Adoption beats correctness. The most technically elegant solution loses to the one enterprises can actually deploy. Standards that ignore operational reality — provisioning complexity, help desk load, legacy system constraints — don’t get adopted. They get worked around, and the workarounds become the de facto standard.

Interoperability is a governance problem as much as a protocol problem. SAML was technically sufficient for federation in 2005. The reason enterprise SSO was still painful in 2015 had less to do with the protocol and more to do with the absence of shared profiles, testing suites, and implementation discipline. OIDC and SCIM learned some of these lessons — but spec authors often optimize for the enterprise IT buyer and forget that developers are the ones who actually implement these integrations. Developer experience drives adoption just as much as enterprise requirements do.

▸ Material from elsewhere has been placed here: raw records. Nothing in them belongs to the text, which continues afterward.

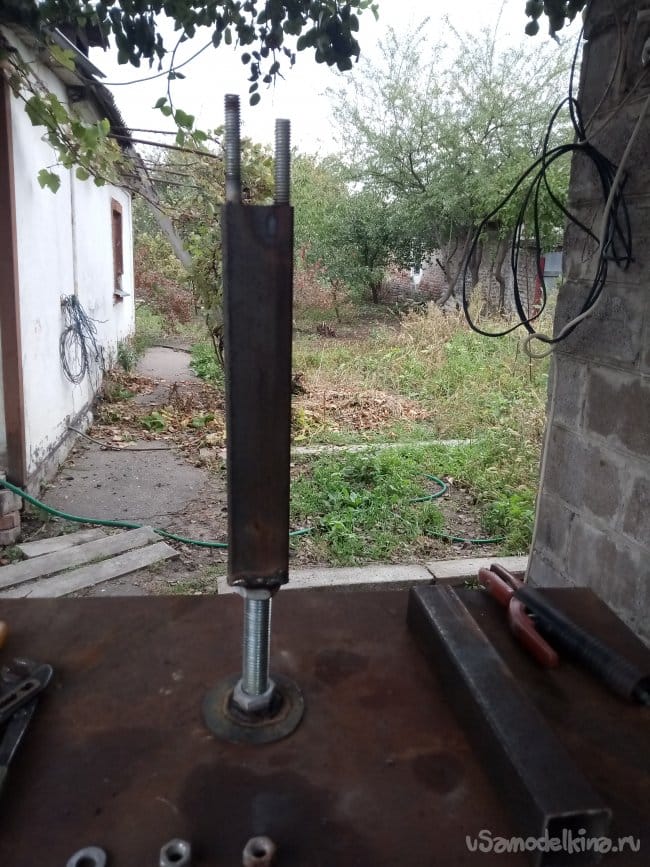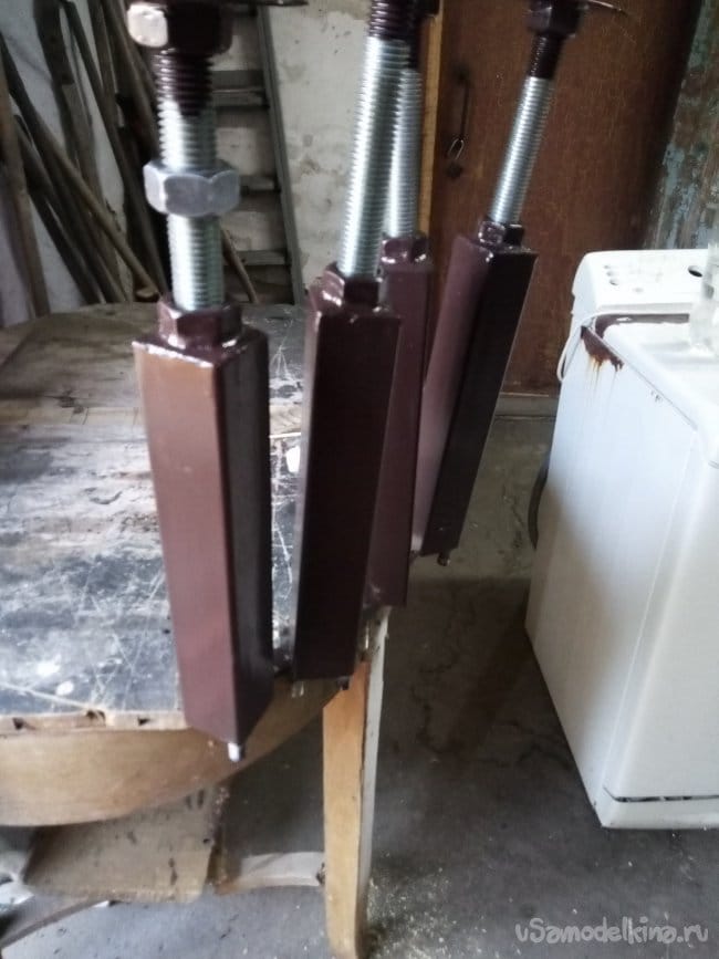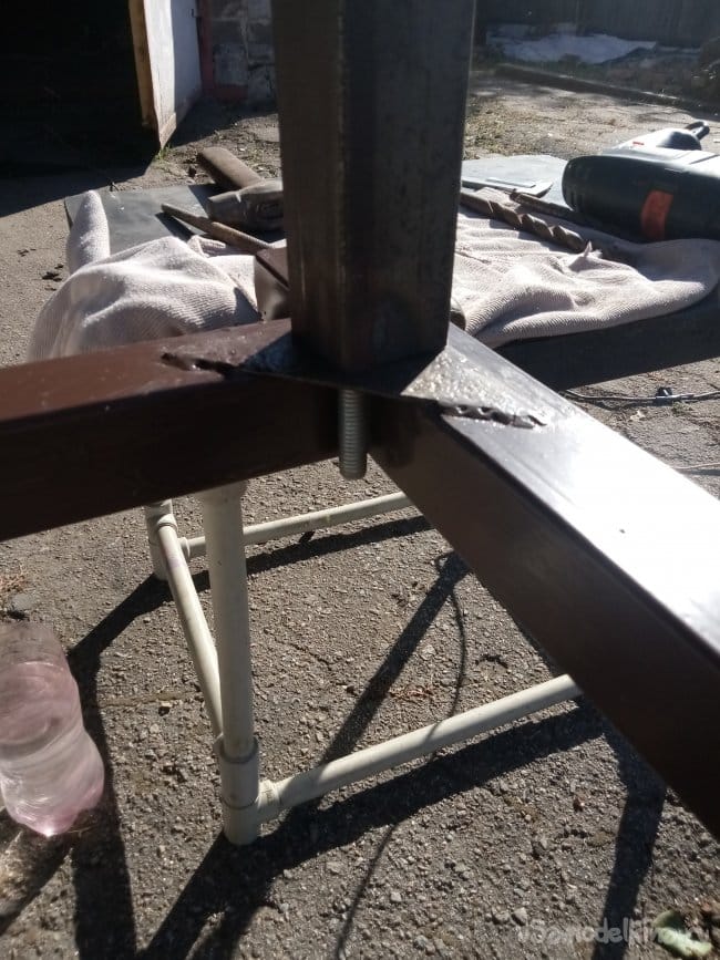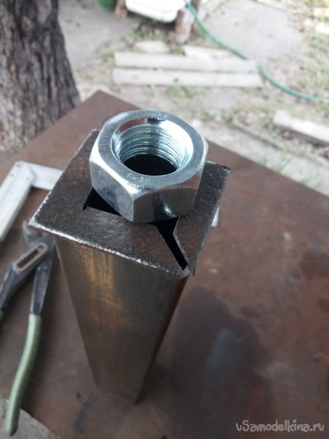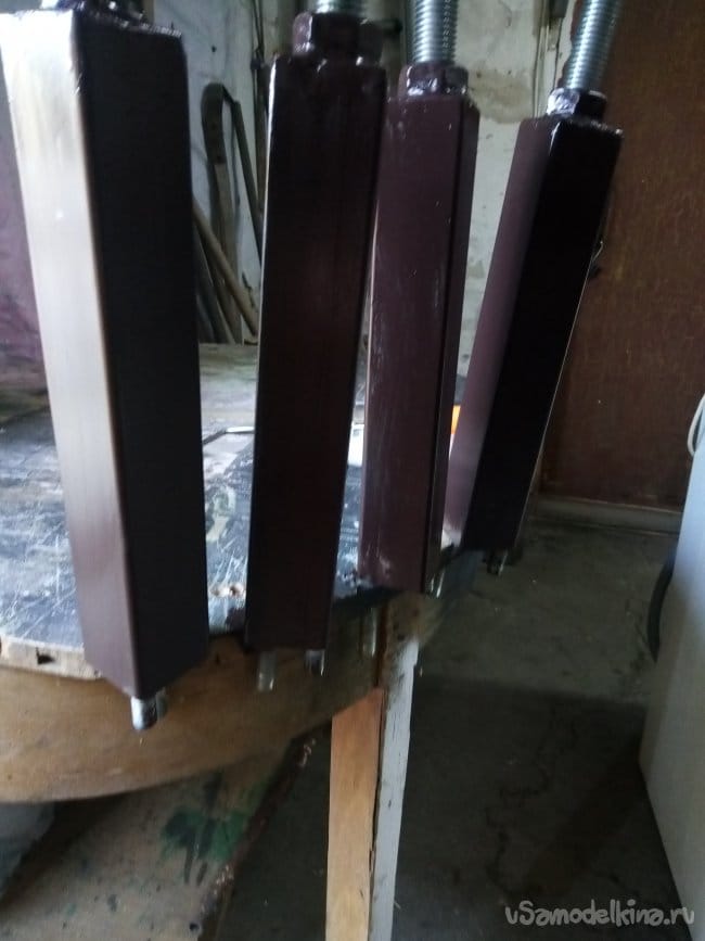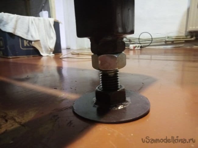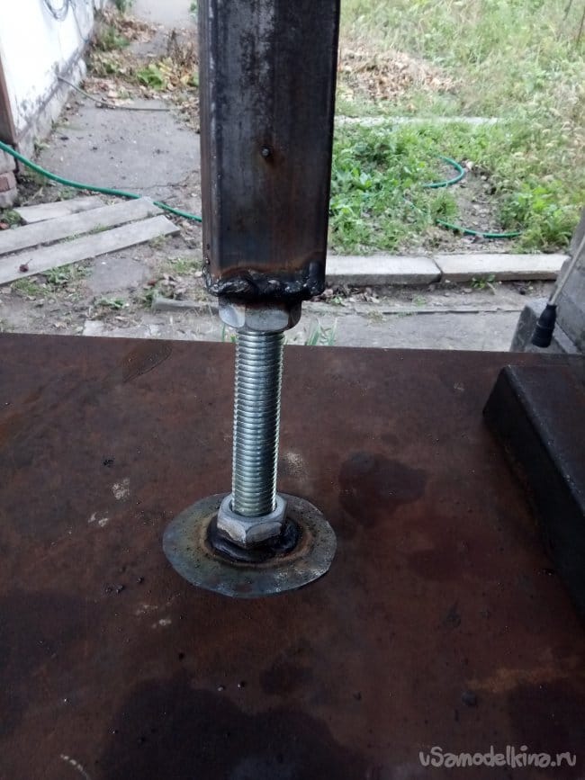 Потом надо было придумать нормальное крепление ножек. С самого начала я хотел их просто приварить и всё, но вся конструкция не входила в дверной проём
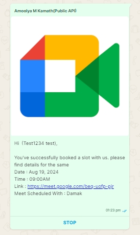 JugaadX will send appointment confirmation messages automatically when a booking is made.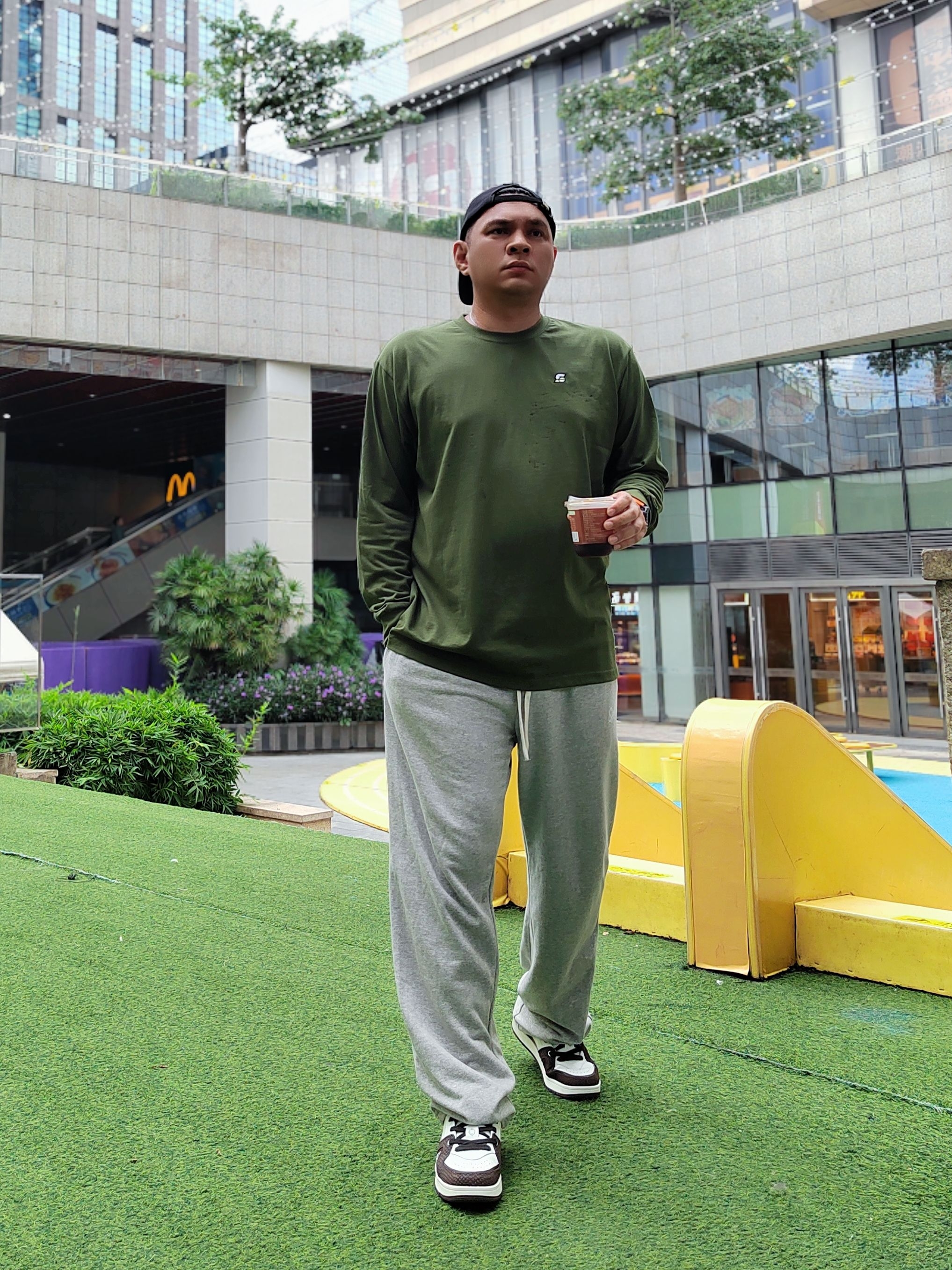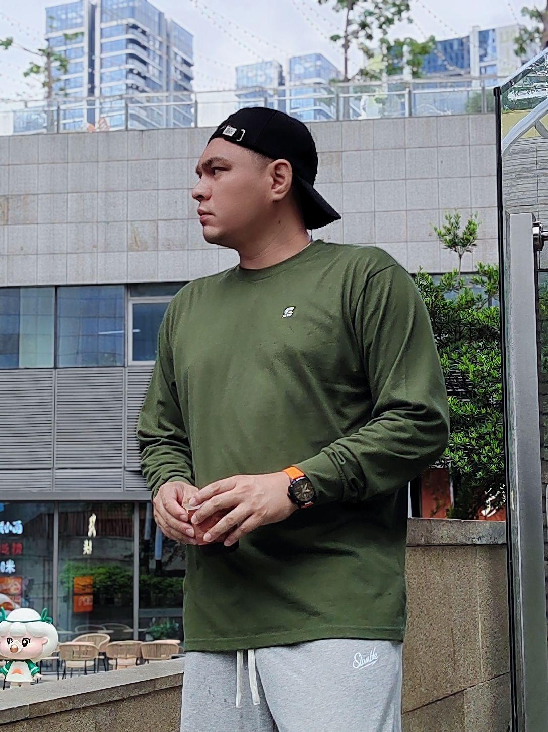 我今天的出街上身的是slamble 长袖T恤 纯色设计配上胸前小Logo刺绣点缀 简约又不失时尚感,还显精神 纯棉面料,柔软亲肤,摸起来还软软的好舒服 宽松版型,男女生都合适也不挑身材 🙎♂️180cm/90kg 👕XXL 下身配一条slamble 花灰运动卫裤 上脚一双运动板鞋 这身让我能轻松舒适一整天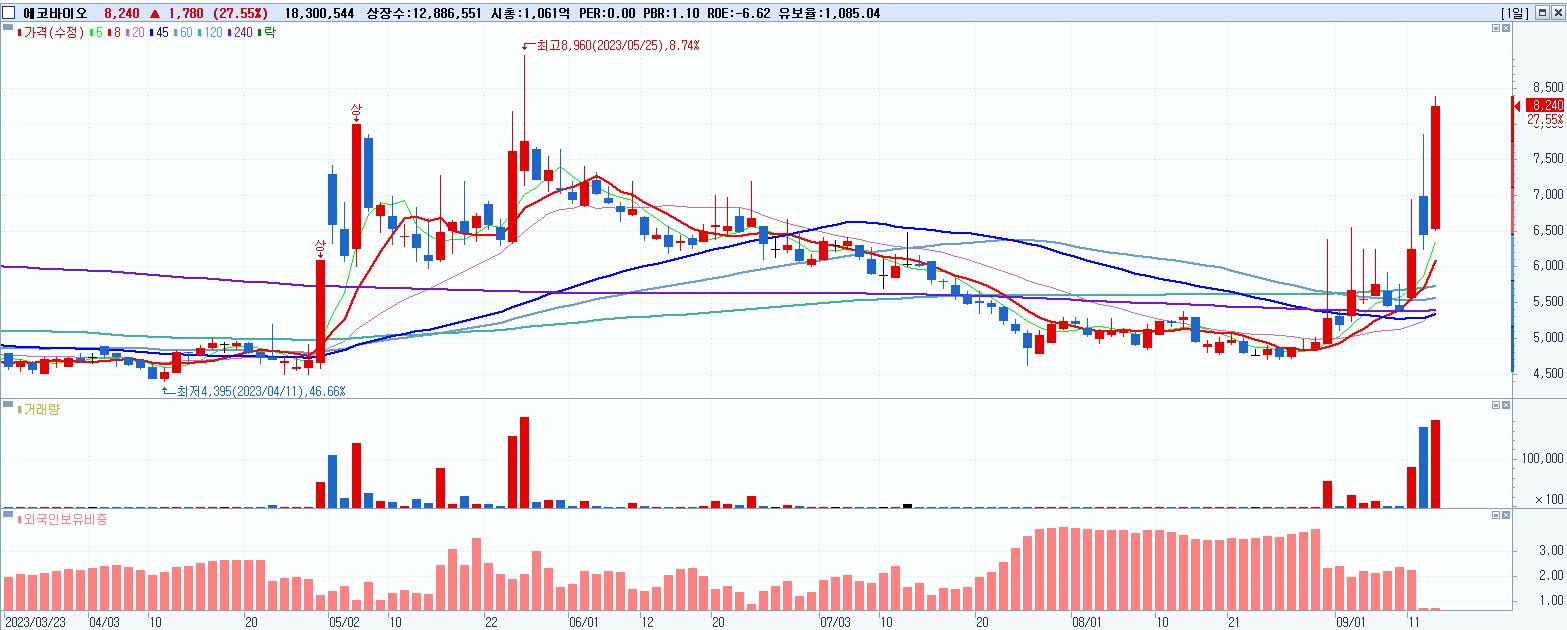 - 에코바이오 (8,240원 ▲ 27.55% , 시총: 1,062억, 거래량: 18,313,178, 거래대금:1,415억)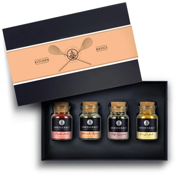 Manchmal steht man einfach auf dem Schlauch wenn es um Geschenke geht. Das will Ankerkraut nicht und bietet deshalb Geschenksets zu allen passenden Anlässen fertig verpackt an. Wie zum Beispiel das Set „Kitchen Basics“ mit 4 Korkengläsern, welches die Küche des Beschenkten einmal grundausstatten möchte. Besonders zur Einweihung der neuen Wohnung oder der neuen Küche passt dieses Set wie die Faust auf’s Auge. Es kommt in einem festen Karton, der mit edlem schwarzen Papier bezogen ist. Den letzten Schliff bekommt das Geschenkset durch eine Banderole.Art.-Nr.: 1546936
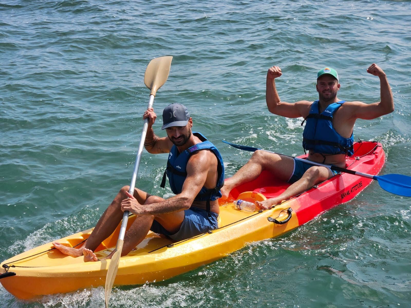 Raph' et Manu sont sur un bateau et personne ne tombe à l'eau ! Comme à chaque début de saison, les club pros organisent une journée de cohésion pour créer plus rapidement du lien entre nouveaux et anciens. Cette année le comité directeur du mvb a choisi une journée kayak sur les canaux et Kart sur la piste de la route de Saint-Pierre. A voir l'agilité sur l'eau de notre équipage ''récep''' avec Raphaël et Manu, on se dit que Martigues peut être serein pour cette prochaine saison de Ligue B. Un grand merci au CVM et à l'association sportive de Karting de Martigues qui ont rendu ces bons moments possibles.
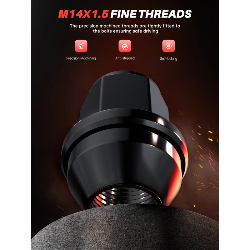 - [SPECIFICATION]: 20Pcs lug nuts set with M14x1.5 thread pitch - 1.41inch(36mm) height - 13/16inch(21mm) hex - 1.18inch(30mm) width - closed end - 60 degree conical seat - black one-piece lug nuts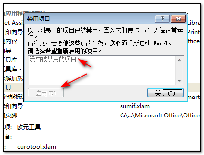 6、此时若有加载项被禁用的,先选中禁用项目再点击启动即可。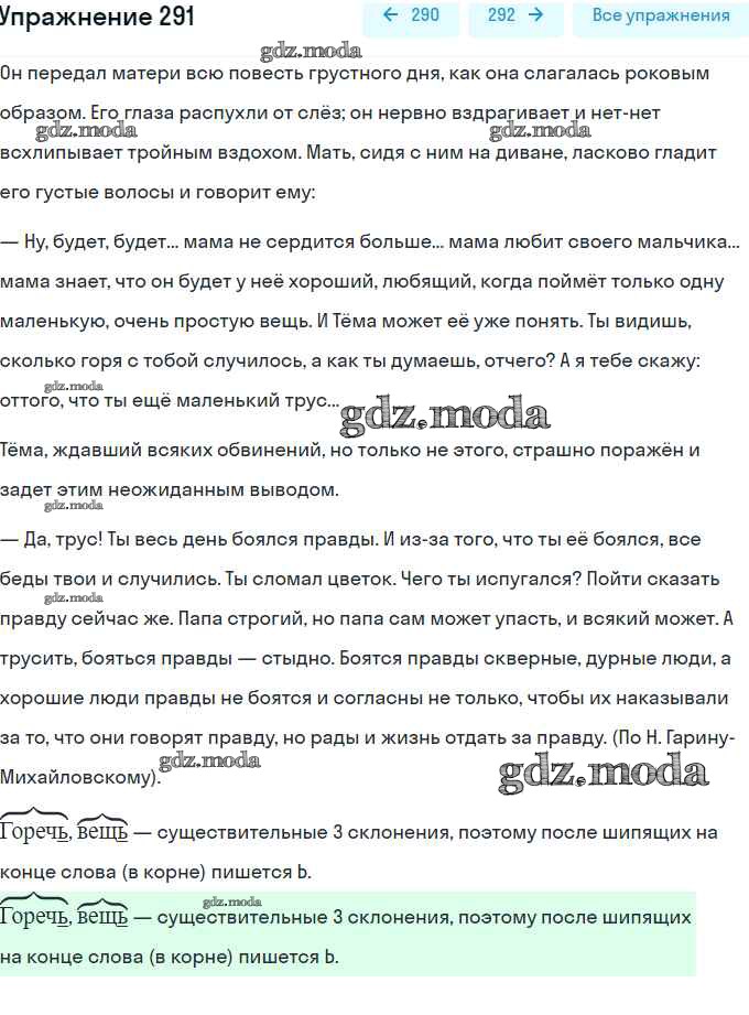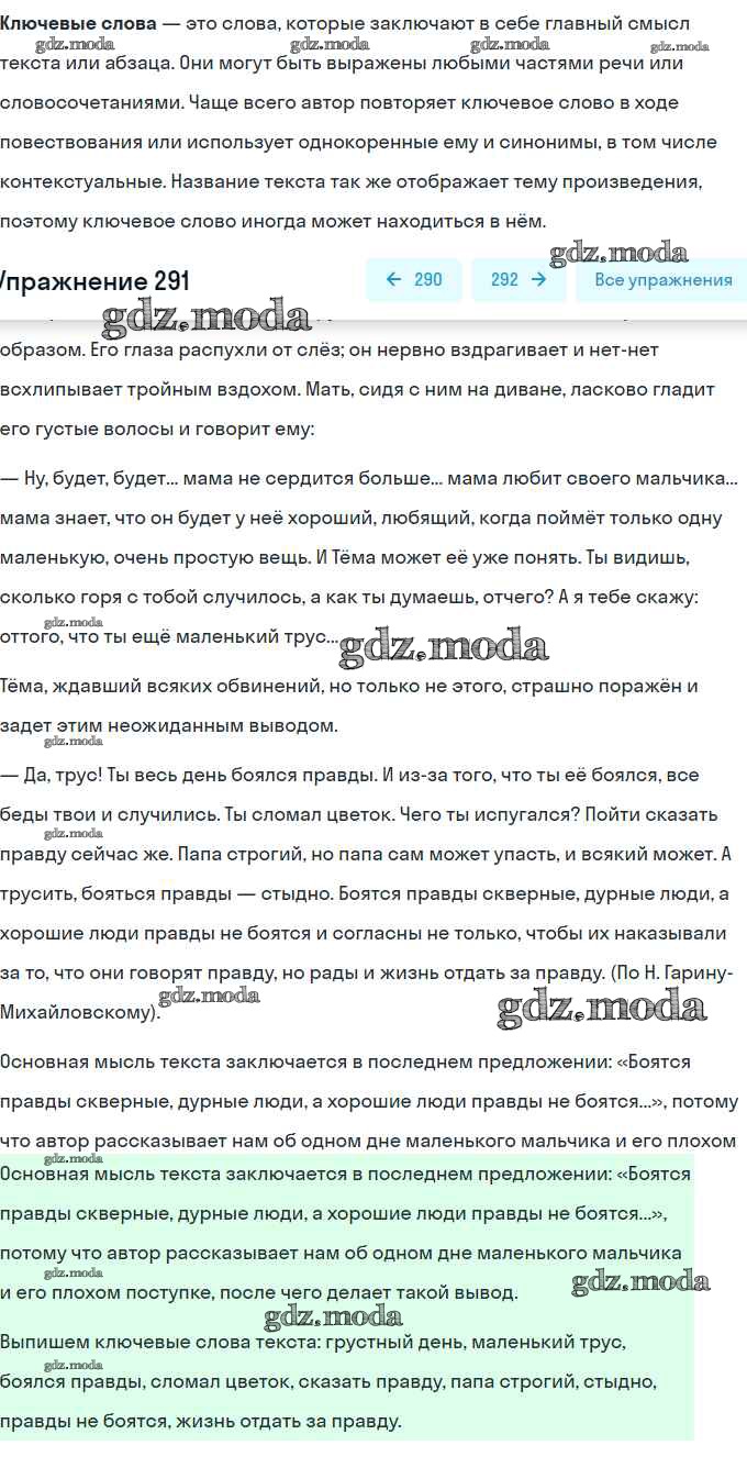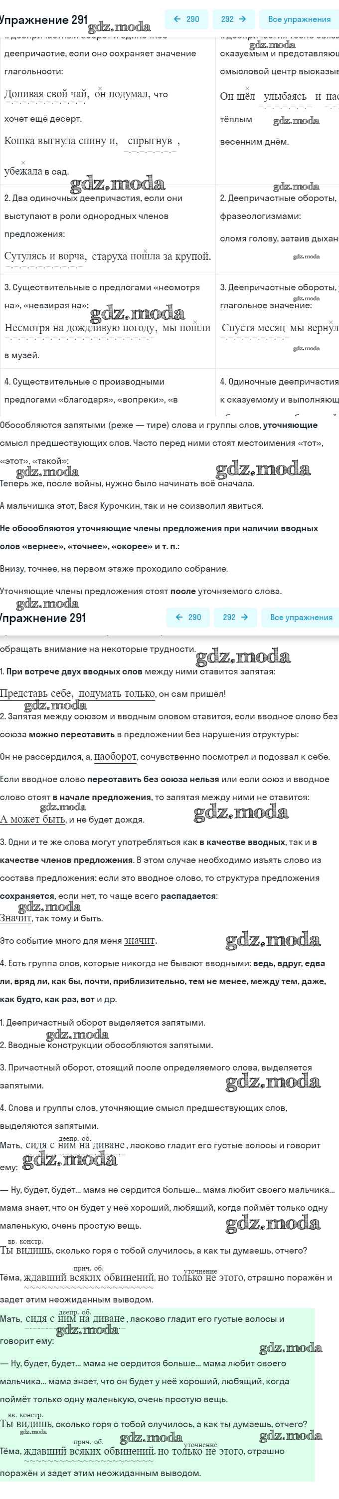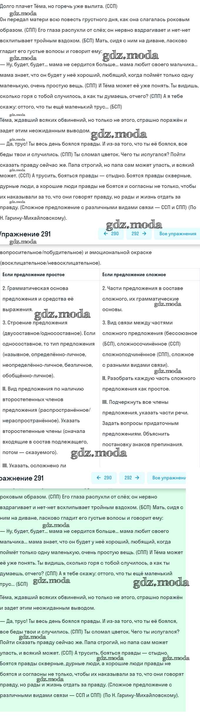 ОТВЕТ на задание № 291 Практика по Русскому языку 9 класс Пичугов

The identity lifecycle is a visibility and coherence problem. The hardest thing about enterprise identity isn’t authenticating users — it’s knowing what your actual identity state is at any given moment. Systems don’t talk to each other. Policies are defined in one place and enforced inconsistently in another. Real-world state drifts silently from intended state. Organizations discover their security posture only after something breaks. You can have excellent authentication and still have no idea who actually has access to what, whether those permissions match current policy, or whether a change three systems upstream has already invalidated your assumptions downstream.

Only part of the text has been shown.